Different genetic test interpretations have been identified for genetic variants, and some of these can impact patient management, according to a research letter published online June 30 in the Annals of Internal Medicine.
Jeffrey A. SoRelle, M.D., from the University of Texas Southwestern Medical Center in Dallas, and colleagues examined the prevalence of different interpretations of the same genetic variant. Data were extracted from ClinVar to examine the clinical importance of gene variants for hereditary cancer genes.

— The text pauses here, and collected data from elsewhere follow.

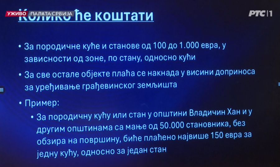 - To je neverovatno za građane. Naša ideja je da prostom prijavom u digitalnoj formi evidentiramo sve objekte. Elektronsku prijavu pošaljete samo prijavu, biće utvrđeno do nove godine, pošaljete u opštinu, jedan običan papir. I vi do nove godine u roku od 60 dana imate svoj legalan objekat, u potpunosti. Kompletan objekat platite 100 evra legalizaciju. A najskuplje će biti stan na Terazijama 200 kvadrata, za to platite 1000 evra. To je najskuplje. I stan postane legalan - rekao je predsednik.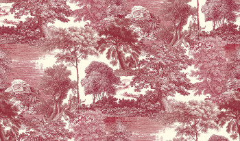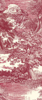 Mural with lightly embossed fabric texture, romantic landscape in burgundy red tones.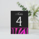 Carte de numéro de table Mariage rose et noir Zebr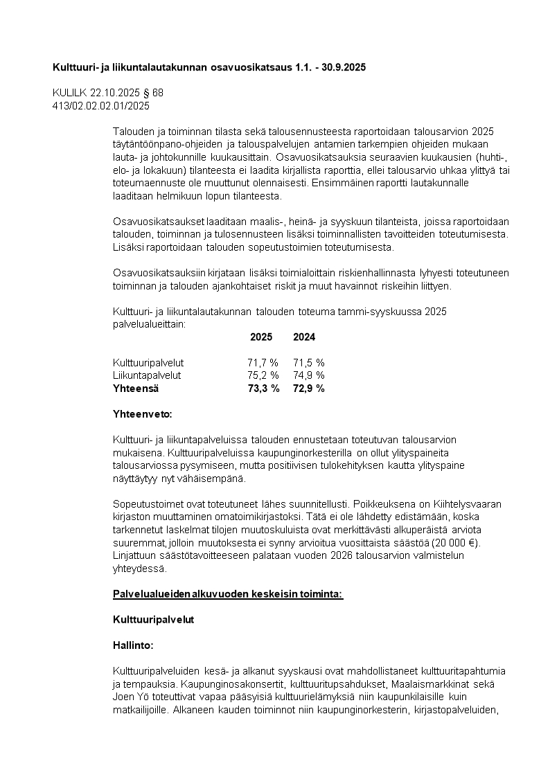 Pöytäkirja 22.10.2025/Pykälä 68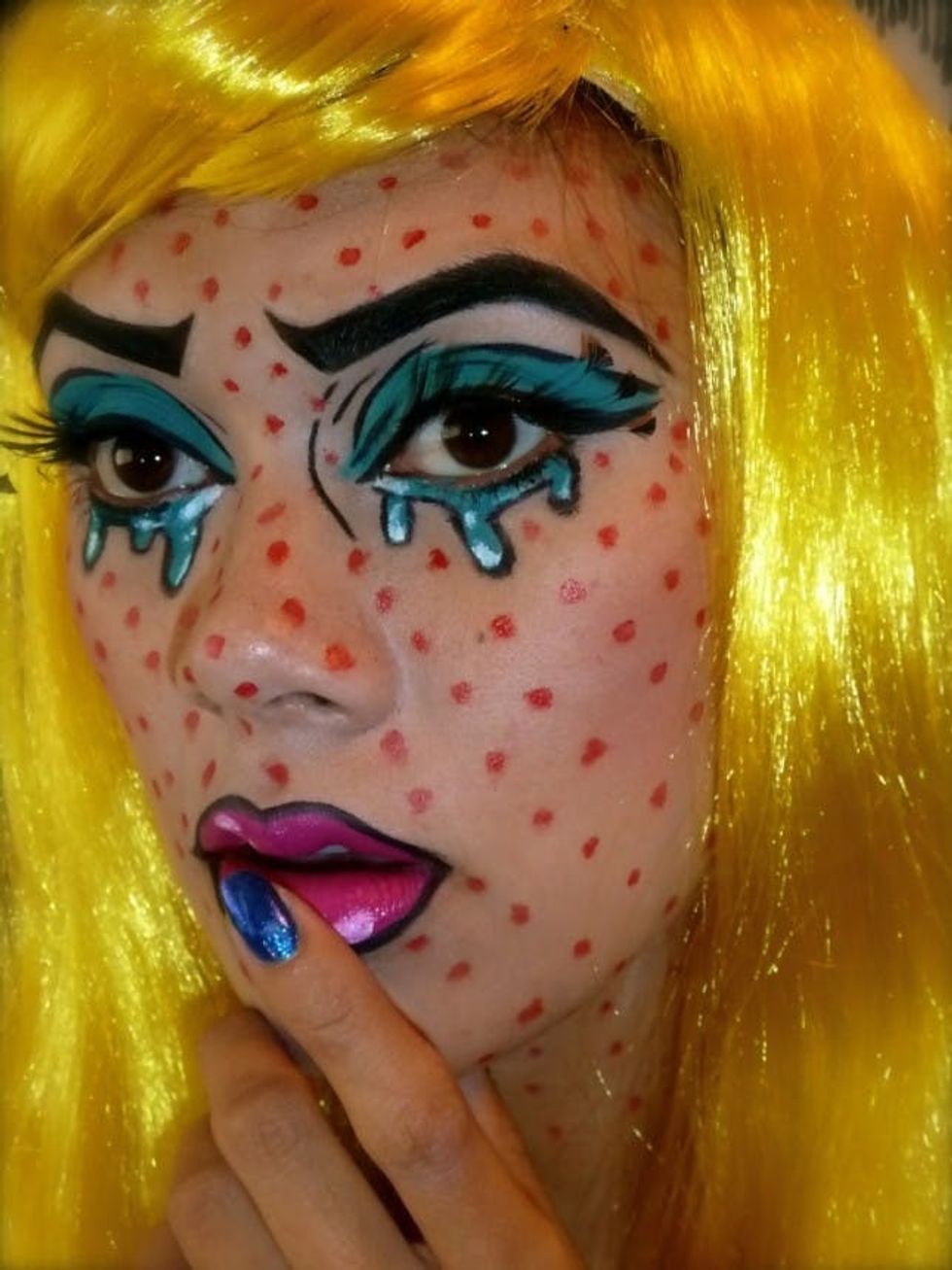 This one is all about the makeup… and the bright wig. Pair it with a little black dress and you’re set.
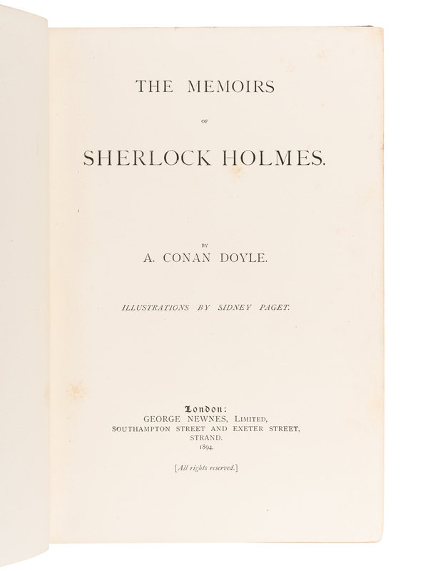 DOYLE, Arthur Conan, Sir (1859-1930). The Memoirs of Sherlock Holmes. London: George Newnes, Limited, 1894.
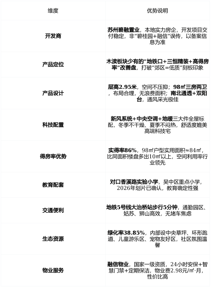 ✅ 核心结论:木渎金枫路地铁口精装改善盘,2026年7月交付,98㎡三房起,得房率86%,全屋标配新风+中央空调+地暖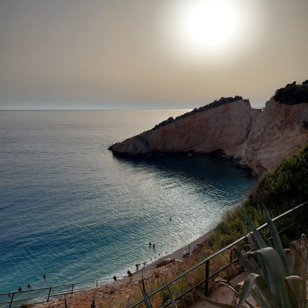 Porto Katsiki during golden hour, with the sun hanging low above the cliffs and the sea reflecting soft light. The beach felt quiet and warm, like the day was slowly folding into evening.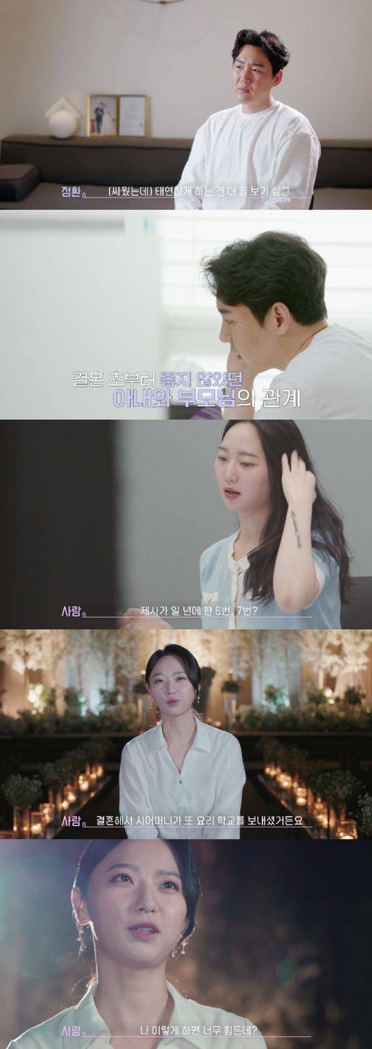 정환, 사랑 부부의 이야기도 이어졌다. 정환은 “저도 안 싸우고 싶어서 정신과 가서 신경안정제를 처방받아 먹고 있다”라고 고백한 후, 결혼 초부터 아내와 부모님 사이에서 갈등이 있었다고 전했다. 자신이 부모님에게 금전적인 도움을 받은 상황에서 고부 갈등까지 해결해야 하니 나름의 답답한 상황이 이어졌던 것. 사랑은 이와 관련해 제사가 1년에 6~7번 있고 결혼 후 시어머니가 자신을 요리학교에 보내는 등의 부담으로 인해 강박관념이 생겨 결혼 초부터 힘든 시간을 보냈다고 전했다.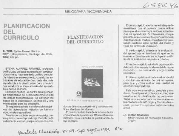 Planificación del curriculo [artículo] Clifton Chadwick.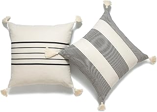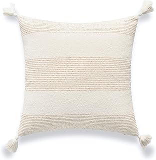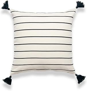 Hofdeco モロッコ風タッセルニュートラル装飾枕カバーのみ ベージュの黒ずみストライプ 18インチx18インチ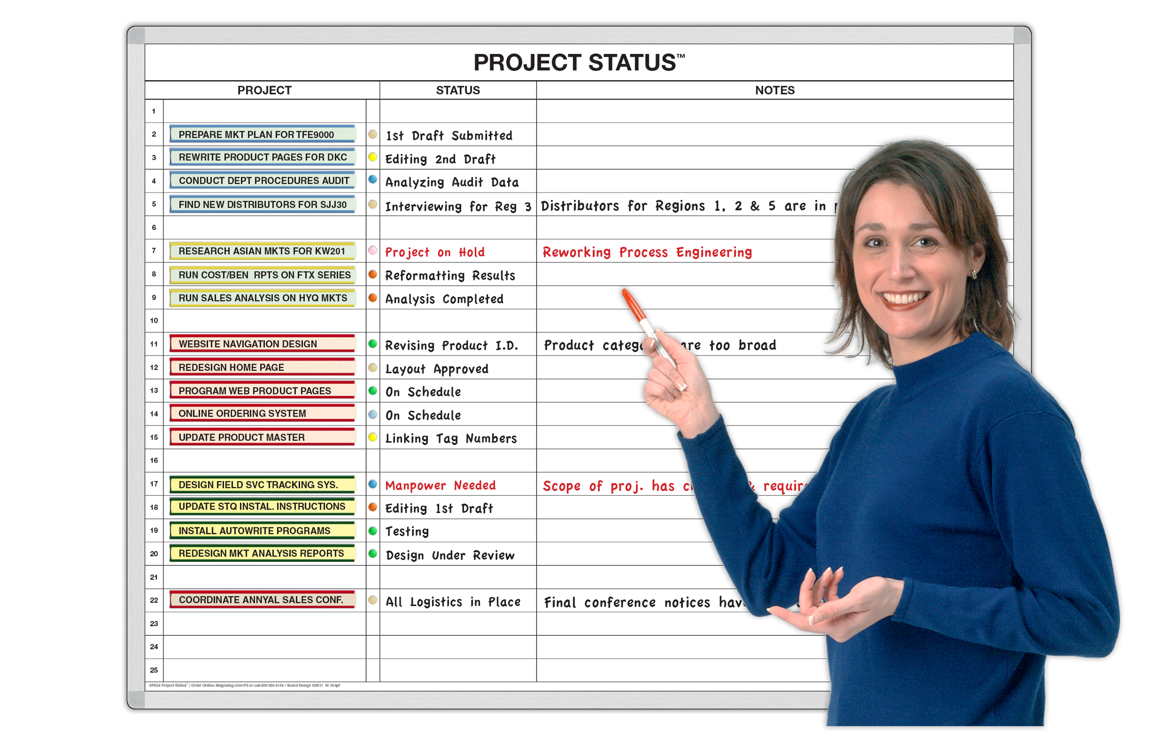 The most effective way to make sure everyone knows the situation is to just "tell it like it is". Do it here so all can see it 24/7. The beauty of this Project Management Status™ Whiteboard system is it can be as simple or as detailed as you need: You can post the project name using the long magnetic cardholders with as much data or as little as needed and can instantly reposition them for priority against the numbered lines. Also post magnetic status symbols in 10 color codes to flash trouble spots needing attention.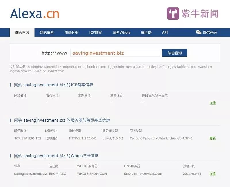 记者在权威的流量及IP地址查询网站Alexa对这两个网址进行了查询。两者的共同点是都没有我国的ICP备案信息,且IP地址和服务器全部在国外,前者注册商为ENOM,INC,地址所在地显示为亚太地区,后者注册商为ENOM,LLC,地址所在地为北美地区,注册者是个外国人。

The researchers found that 40 percent of the 52,785 variants had two or more interpretations. Of these variants, 2.2 percent had clinically significant differences in interpretations. The TP53 gene was the outlier with the most interpretations that were different (53 of 300 [11 percent]). Some differences were differences in confidence (likely benign versus benign or likely pathogenic versus pathogenic), while others were differences with modest clinical importance (benign versus uncertain significance) (12.8 and 14.2 percent, respectively). There was a direct correlation between the number of variants submitted and the frequency of different test interpretations for conflicts with more clinical importance. In an analysis of genes associated with long QT syndrome, 7.7 percent of variants had different interpretations.
“As a result of our experience, we propose that second opinions be used in genetic testing the same way they are being used in other medical specialties, such as radiology and pathology, where they are the standard of practice,” the authors write.
One author disclosed financial ties to Myriad Genetics.